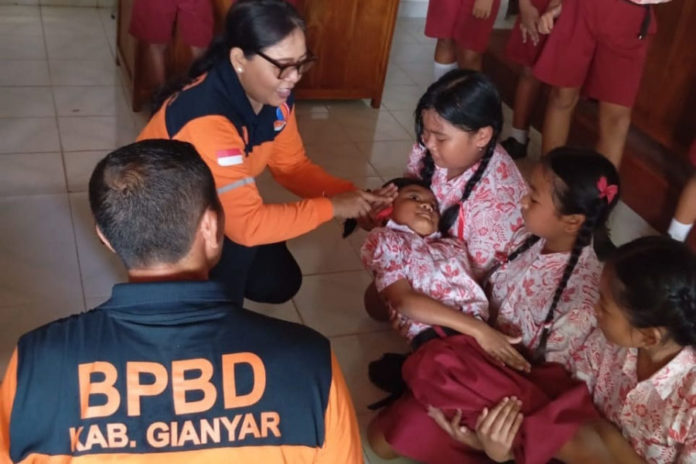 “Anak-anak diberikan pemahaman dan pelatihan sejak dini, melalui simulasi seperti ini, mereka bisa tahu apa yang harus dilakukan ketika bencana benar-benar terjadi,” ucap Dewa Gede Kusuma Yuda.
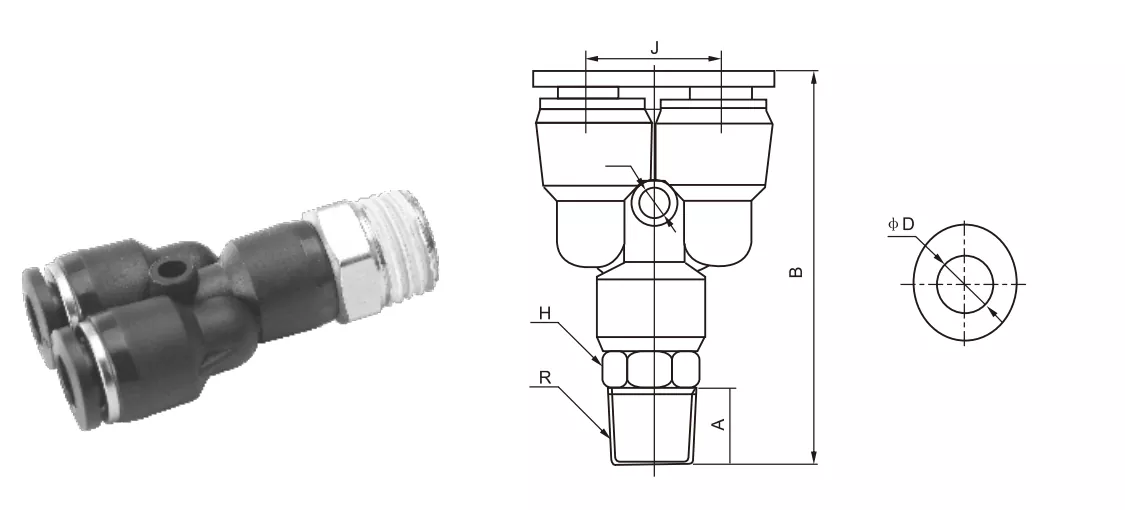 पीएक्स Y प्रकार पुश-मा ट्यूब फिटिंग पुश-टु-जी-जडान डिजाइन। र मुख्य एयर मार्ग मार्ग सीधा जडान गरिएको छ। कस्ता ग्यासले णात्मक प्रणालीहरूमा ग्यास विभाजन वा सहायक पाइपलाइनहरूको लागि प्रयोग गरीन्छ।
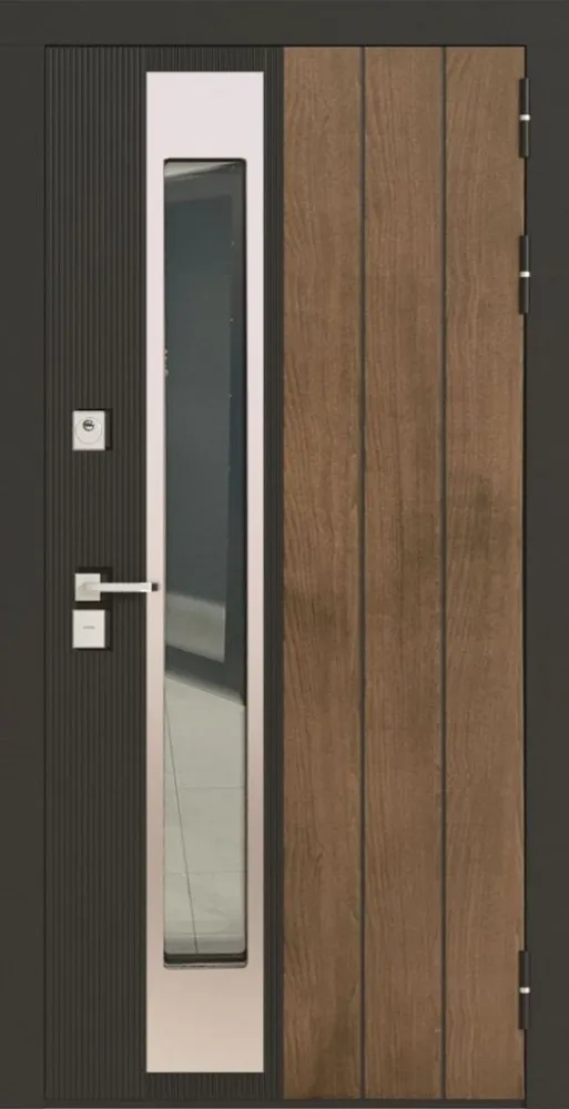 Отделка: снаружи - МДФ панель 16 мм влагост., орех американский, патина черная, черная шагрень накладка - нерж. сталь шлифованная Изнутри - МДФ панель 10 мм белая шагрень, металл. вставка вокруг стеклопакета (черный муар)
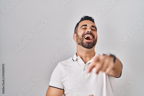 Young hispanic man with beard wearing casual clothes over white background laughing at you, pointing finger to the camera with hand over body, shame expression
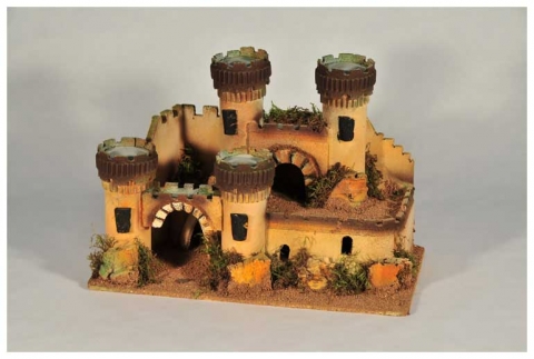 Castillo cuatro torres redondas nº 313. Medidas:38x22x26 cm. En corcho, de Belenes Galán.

══════

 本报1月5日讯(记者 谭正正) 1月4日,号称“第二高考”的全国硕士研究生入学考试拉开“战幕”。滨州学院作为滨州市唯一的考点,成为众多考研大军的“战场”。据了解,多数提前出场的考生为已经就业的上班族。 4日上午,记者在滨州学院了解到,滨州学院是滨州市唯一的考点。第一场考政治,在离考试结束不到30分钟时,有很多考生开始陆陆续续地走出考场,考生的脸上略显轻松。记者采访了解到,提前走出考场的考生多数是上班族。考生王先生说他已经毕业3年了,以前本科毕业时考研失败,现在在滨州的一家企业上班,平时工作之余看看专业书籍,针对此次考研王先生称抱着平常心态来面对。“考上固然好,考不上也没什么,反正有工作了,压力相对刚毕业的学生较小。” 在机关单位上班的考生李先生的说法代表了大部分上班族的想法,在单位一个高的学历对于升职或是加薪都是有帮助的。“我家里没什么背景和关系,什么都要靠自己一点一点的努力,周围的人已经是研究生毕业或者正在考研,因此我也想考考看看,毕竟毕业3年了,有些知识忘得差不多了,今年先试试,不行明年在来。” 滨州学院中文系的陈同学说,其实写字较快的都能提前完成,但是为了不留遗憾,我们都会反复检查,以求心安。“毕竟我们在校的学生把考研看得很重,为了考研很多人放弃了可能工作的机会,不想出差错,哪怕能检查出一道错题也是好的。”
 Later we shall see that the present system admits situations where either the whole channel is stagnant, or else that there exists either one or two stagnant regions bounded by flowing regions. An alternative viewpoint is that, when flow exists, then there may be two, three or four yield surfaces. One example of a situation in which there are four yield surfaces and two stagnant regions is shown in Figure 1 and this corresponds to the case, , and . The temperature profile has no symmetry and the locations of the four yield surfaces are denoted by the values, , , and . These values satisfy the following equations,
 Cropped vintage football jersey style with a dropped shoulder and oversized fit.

══════

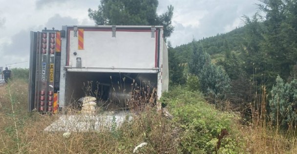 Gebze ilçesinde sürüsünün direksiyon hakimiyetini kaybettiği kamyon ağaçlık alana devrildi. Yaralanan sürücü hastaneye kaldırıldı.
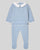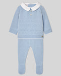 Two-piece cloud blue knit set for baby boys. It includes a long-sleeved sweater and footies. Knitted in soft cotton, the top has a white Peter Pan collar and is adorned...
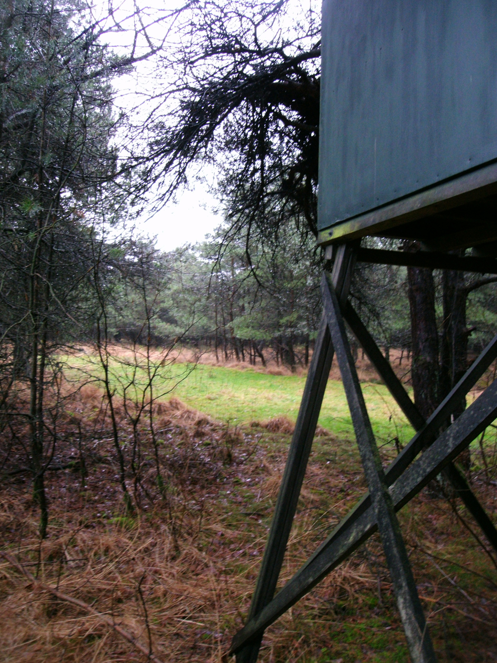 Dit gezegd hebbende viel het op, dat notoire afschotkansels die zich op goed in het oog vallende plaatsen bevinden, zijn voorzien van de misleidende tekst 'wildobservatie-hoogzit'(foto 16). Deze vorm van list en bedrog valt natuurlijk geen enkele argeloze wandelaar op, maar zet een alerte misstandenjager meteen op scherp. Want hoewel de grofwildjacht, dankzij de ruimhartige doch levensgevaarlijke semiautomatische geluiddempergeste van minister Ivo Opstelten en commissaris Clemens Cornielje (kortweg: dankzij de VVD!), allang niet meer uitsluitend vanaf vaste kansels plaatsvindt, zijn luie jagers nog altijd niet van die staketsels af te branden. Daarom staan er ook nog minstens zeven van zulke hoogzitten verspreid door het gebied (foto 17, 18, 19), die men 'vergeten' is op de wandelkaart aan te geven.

══════

Your task is to copy only the lines above starting at the one containing "Gede Kusuma Yuda." and ending at the one containing "पीएक्स Y प्रकार". Copy them exactly, both ends included, and omit the pictures.

 “Anak-anak diberikan pemahaman dan pelatihan sejak dini, melalui simulasi seperti ini, mereka bisa tahu apa yang harus dilakukan ketika bencana benar-benar terjadi,” ucap Dewa Gede Kusuma Yuda.
 पीएक्स Y प्रकार पुश-मा ट्यूब फिटिंग पुश-टु-जी-जडान डिजाइन। र मुख्य एयर मार्ग मार्ग सीधा जडान गरिएको छ। कस्ता ग्यासले णात्मक प्रणालीहरूमा ग्यास विभाजन वा सहायक पाइपलाइनहरूको लागि प्रयोग गरीन्छ।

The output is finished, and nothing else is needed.